Qu’en est-il de la responsabilité sportive?
Hockey mardi, 10 déc. 2013. 10:57 mercredi, 11 déc. 2024. 09:49Le match de samedi dernier entre les Bruins et les Penguins a suscité beaucoup de réactions et une fois de plus, la violence était de la partie. Certes, sa pertinence au hockey est de plus en plus critiquée en ce que la sécurité des joueurs est de plus en plus menacée.
Le hockey étant un sport de rudesse, le joueur qui le pratique doit ainsi consentir au risque d'être accidentellement blessé. Or, le geste de Shawn Thornton peut difficilement constituer un risque implicitement accepté par un joueur. En effet, si les coups assénésà Brooks Orpik n'étaient ni prévisibles, ni habituels, il est difficile de présumer qu'il ait consenti à se faire frapper aussi violemment en prenant part au match[i]. Ici, la preuve révèle qu'Orpik n'était pas en position de se défendre lorsque Thornton a continué à lui donner des coups. Bien qu'Orpik avait frappé Loui Eriksson au préalable, il n'en demeure pas moins que la conduite de Thornton outrepassait les normes raisonnables du jeu, laquelle pourrait engager sa responsabilité civile en plus d'une suspension disciplinaire.

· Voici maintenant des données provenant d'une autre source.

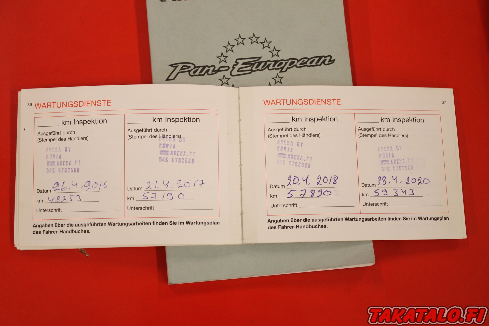 Oikean puolen katteesta puuttuu yksi musta muoviluukku, mutta muuten ei ole puutteita. Huoltokirja on täytelty ja renkaat on aika uudet!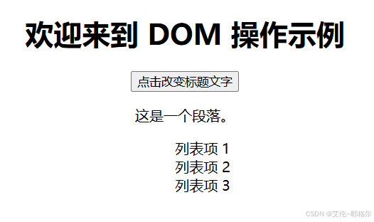 获取所有的列表项,并为每个列表项添加点击事件处理程序。当列表项被点击时,会弹出一个警告框显示点击的是哪个列表项。这个例子展示了如何使用 JavaScript 操作 HTML DOM(文档对象模型)中的元素,包括选择元素、修改元素内容以及响应用户的交互动作。
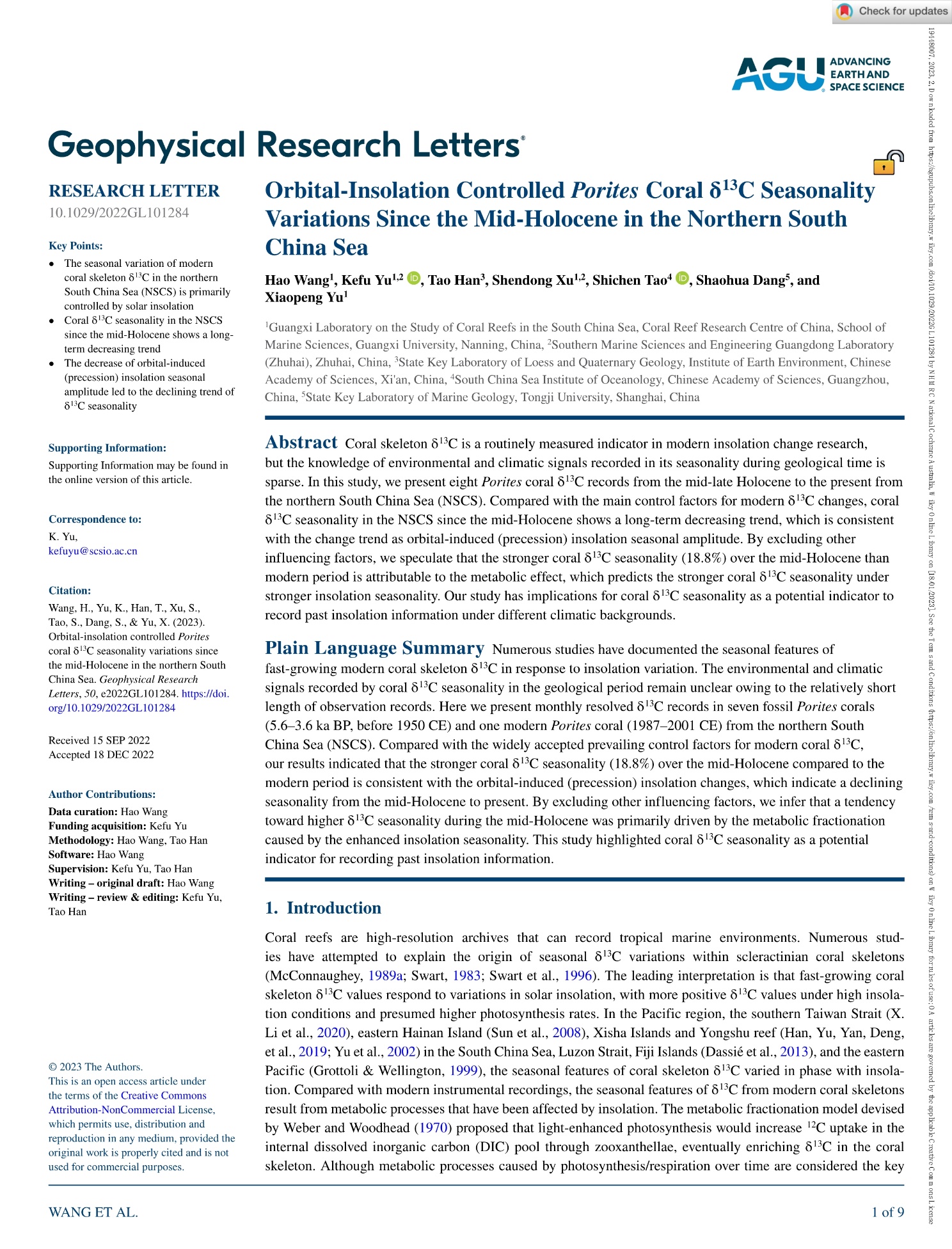 我院博士研究生王浩为第一作者的研究论文“Orbital-insolation controlled Porites coral δ13C seasonality variations since the mid-Holocene in the northern South China Sea”,在SCI一区Top刊物Geophysical Research Letters发表。该文揭示了珊瑚骨骼δ13C的季节性变化特征具有记录过去日照信息的潜力。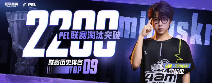 恭喜4AM.mingskr联赛个人总淘汰数突破2200,排名第9名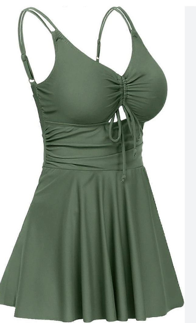 Yeşil renkli, ip askılı ve drapeli detaylara sahip, kısa mini Göğüs altı:40 cm. Karın kısmı:44 cm. Boy:58 cm ölçülerinde. Ürünün ölçülerini ve özelliklerini lütfen dikkate alın, iade ve iptal kabul edilmeyecektir. #mayo #bikini #deniz #plaj #kadınmayo #elbisemayo boy mayo. Bohem tarzı ve pastel tonuyla plaj için uygun. ️

Rappelons qu'au cours du même match, Brad Marchand a lui aussi été victime d'un coup de genou à la tête par James Neal. C'est donc à se demander si les gestes reprochés étaient raisonnables eu égard aux circonstances ou simplement gratuits. Du moins, la LNH a cru pertinent d'imposer une suspension de cinq matchs à Neal alors que Thornton a été convié à une audience avec le Département de la sécurité au cours de laquelle il donnera sa version des faits.
Mais est-ce que subir des blessures causées par des excès de violenceest un risque inhérent au hockey? La nature même de ce sport engendre certains dangers de telle sorte qu'un mauvais coup n'est pas forcément générateur de faute. Dans la mesure où le geste est spontané, pondéré et non appréhendé, il ne constituera pas une inconduite. Toutefois, l'athlète ne consent pas à de la violence injustifiée et imprévisible en jouant au hockey. La difficulté est que tout relève du degré d'intensité du geste reproché en ce qu'il est complexe de tracer la ligne entre l'accident et l'acte prémédité. Pour évaluer si l'acte est abusif, il faudra le comparer à celui d'un joueur raisonnable en de pareilles circonstances. À ce titre, Brendan Shanahan, directeur de la sécurité des joueurs, a affirmé que Neal savait pertinemment où se trouvait Marchand sur la patinoire au moment de l'incident et qu'il n'a rien fait pour l'éviter.
Parallèlement, le droit criminel peut aussi trouver application en l'espèce, car la violence au hockey peut prendre la forme de voies de fait causant des lésions corporelles. Ceci étant, pour qu'il y ait une infraction criminelle, l'acte doit être accompagné de l'intention d'utiliser la violence au-delà du seuil permis. Conséquemment, une infraction au sens du Code criminel n'est pas perpétrée lorsque l'accusé agit de manière involontaire.
Somme toute, les gestes excessifs seront interdits s'ils ne sont pas reliés à la pratique usuelle du hockey et s'ils dépassent largement les règles du jeu. Ainsi, ni le droit civil, ni le droit criminel ne permettront les écarts de conduite démesurés d'un joueur. Le débat entourant la violence au hockey existe depuis des décennies, mais il est devenu incontournable suivant l'agression de Todd Bertuzzi à l'endroit de Steve Moore en 2004. Force est de constater qu'Orpik aurait pu connaître le même sort que Moore, lequel a dû mettre fin à sa carrière suite à l'attaque dont il a été victime. Chose certaine, les conséquences sur la santé des joueurs sont devenues beaucoup trop graves pour que ce problème ne soit pas pris sérieusement. Si des dispositions efficaces ne sont pas mises en place prochainement pour vaincre ce fléau, la justice n'aura d'autres choix que de se mêler aux affaires de la LNH.